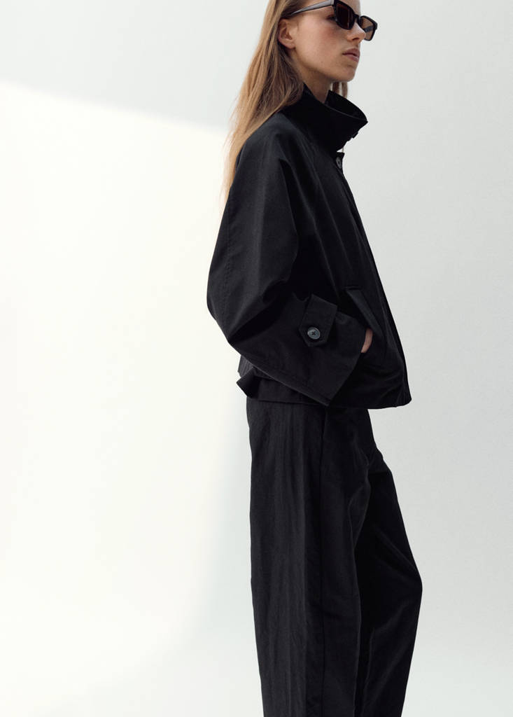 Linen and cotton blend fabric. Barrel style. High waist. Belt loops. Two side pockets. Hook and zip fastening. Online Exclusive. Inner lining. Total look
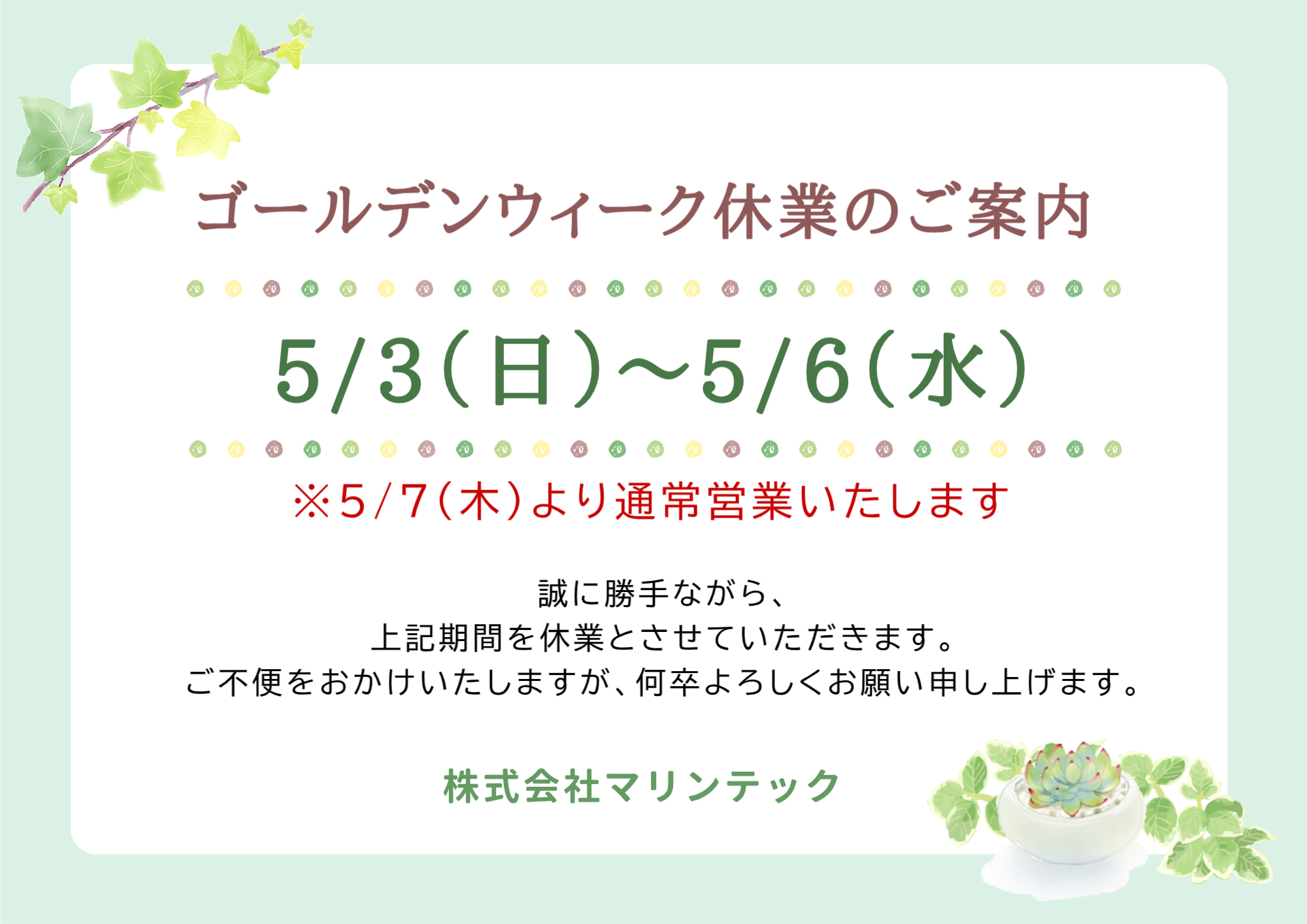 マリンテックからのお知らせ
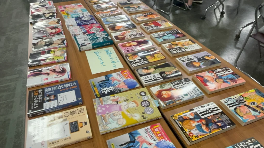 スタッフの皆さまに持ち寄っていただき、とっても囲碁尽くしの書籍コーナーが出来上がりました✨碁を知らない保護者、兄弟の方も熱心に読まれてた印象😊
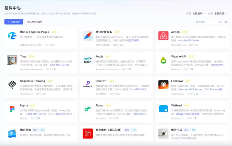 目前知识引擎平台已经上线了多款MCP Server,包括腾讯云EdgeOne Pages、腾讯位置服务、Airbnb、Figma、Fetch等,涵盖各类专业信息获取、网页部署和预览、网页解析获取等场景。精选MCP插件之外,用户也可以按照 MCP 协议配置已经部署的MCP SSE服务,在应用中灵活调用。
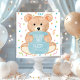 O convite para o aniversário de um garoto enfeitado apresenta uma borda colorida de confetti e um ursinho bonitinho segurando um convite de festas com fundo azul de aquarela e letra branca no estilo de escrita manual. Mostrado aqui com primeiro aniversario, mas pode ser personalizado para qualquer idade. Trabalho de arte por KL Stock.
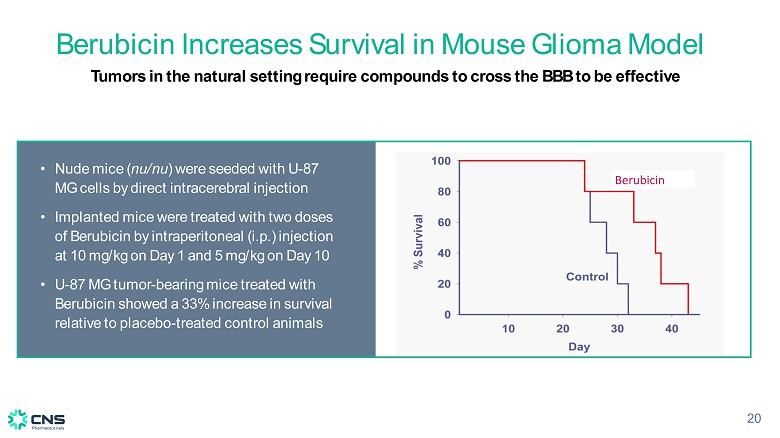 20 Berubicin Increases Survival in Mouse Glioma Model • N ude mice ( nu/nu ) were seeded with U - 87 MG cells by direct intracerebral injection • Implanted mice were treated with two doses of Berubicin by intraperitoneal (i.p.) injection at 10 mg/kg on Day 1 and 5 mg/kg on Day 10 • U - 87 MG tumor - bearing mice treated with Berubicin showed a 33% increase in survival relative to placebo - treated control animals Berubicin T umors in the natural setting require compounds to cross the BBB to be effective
——
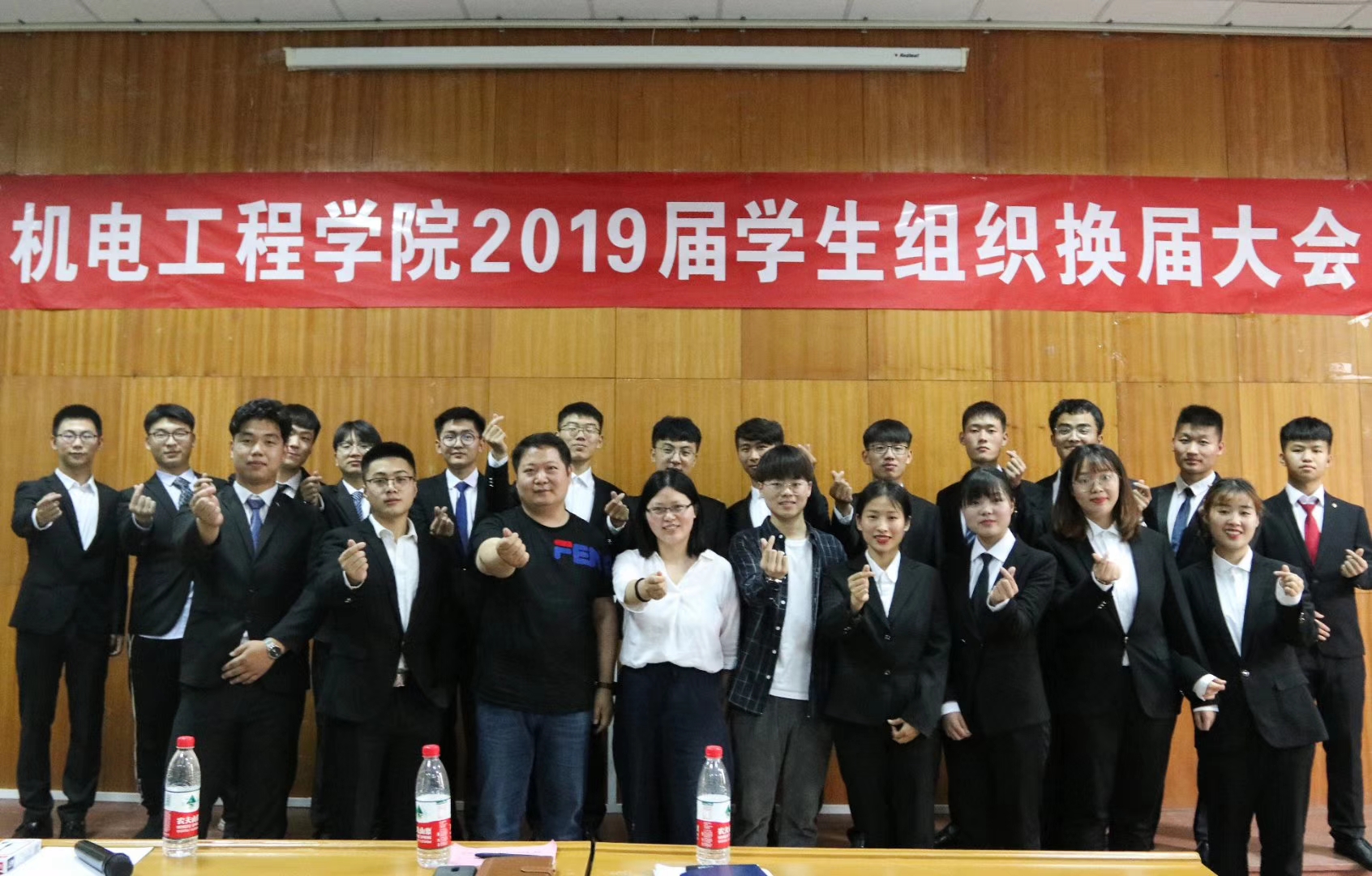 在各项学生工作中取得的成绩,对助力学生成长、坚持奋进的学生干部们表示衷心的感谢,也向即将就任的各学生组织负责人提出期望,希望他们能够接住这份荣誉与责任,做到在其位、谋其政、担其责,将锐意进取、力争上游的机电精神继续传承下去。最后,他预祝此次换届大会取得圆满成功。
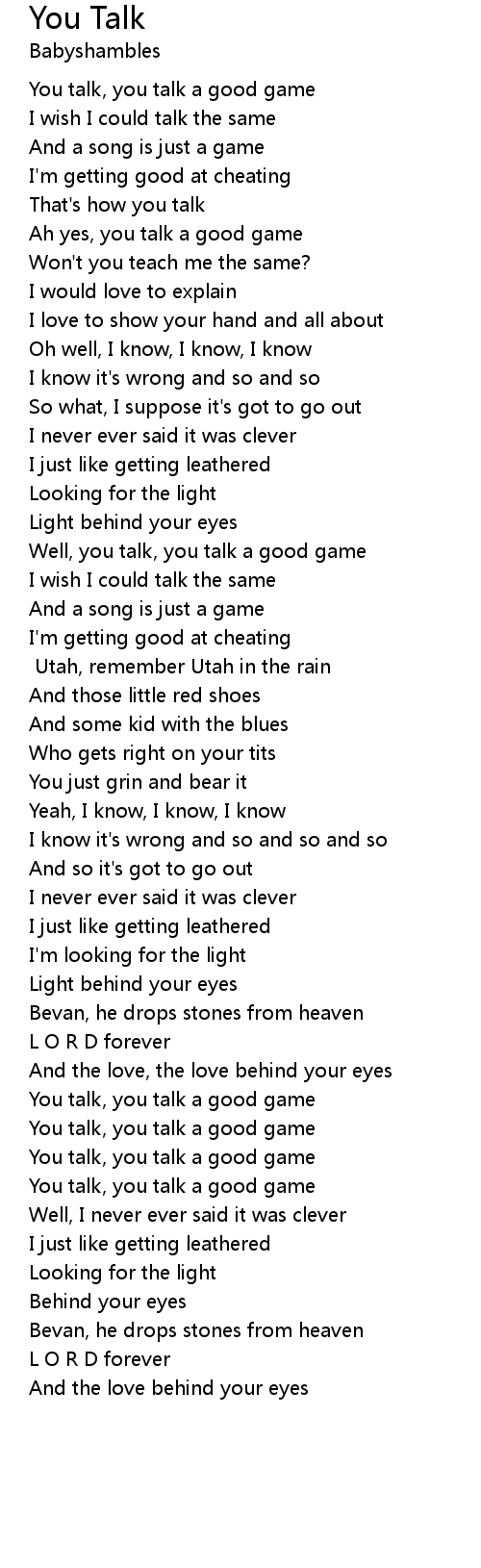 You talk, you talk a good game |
——
Pictures are to be left out. Write out only the lines above starting at the one with "マリンテックからのお知らせ" and ending at the one with "20 Berubicin Increases", both lines included, exactly.

 マリンテックからのお知らせ
 スタッフの皆さまに持ち寄っていただき、とっても囲碁尽くしの書籍コーナーが出来上がりました✨碁を知らない保護者、兄弟の方も熱心に読まれてた印象😊
 目前知识引擎平台已经上线了多款MCP Server,包括腾讯云EdgeOne Pages、腾讯位置服务、Airbnb、Figma、Fetch等,涵盖各类专业信息获取、网页部署和预览、网页解析获取等场景。精选MCP插件之外,用户也可以按照 MCP 协议配置已经部署的MCP SSE服务,在应用中灵活调用。
 O convite para o aniversário de um garoto enfeitado apresenta uma borda colorida de confetti e um ursinho bonitinho segurando um convite de festas com fundo azul de aquarela e letra branca no estilo de escrita manual. Mostrado aqui com primeiro aniversario, mas pode ser personalizado para qualquer idade. Trabalho de arte por KL Stock.
 20 Berubicin Increases Survival in Mouse Glioma Model • N ude mice ( nu/nu ) were seeded with U - 87 MG cells by direct intracerebral injection • Implanted mice were treated with two doses of Berubicin by intraperitoneal (i.p.) injection at 10 mg/kg on Day 1 and 5 mg/kg on Day 10 • U - 87 MG tumor - bearing mice treated with Berubicin showed a 33% increase in survival relative to placebo - treated control animals Berubicin T umors in the natural setting require compounds to cross the BBB to be effective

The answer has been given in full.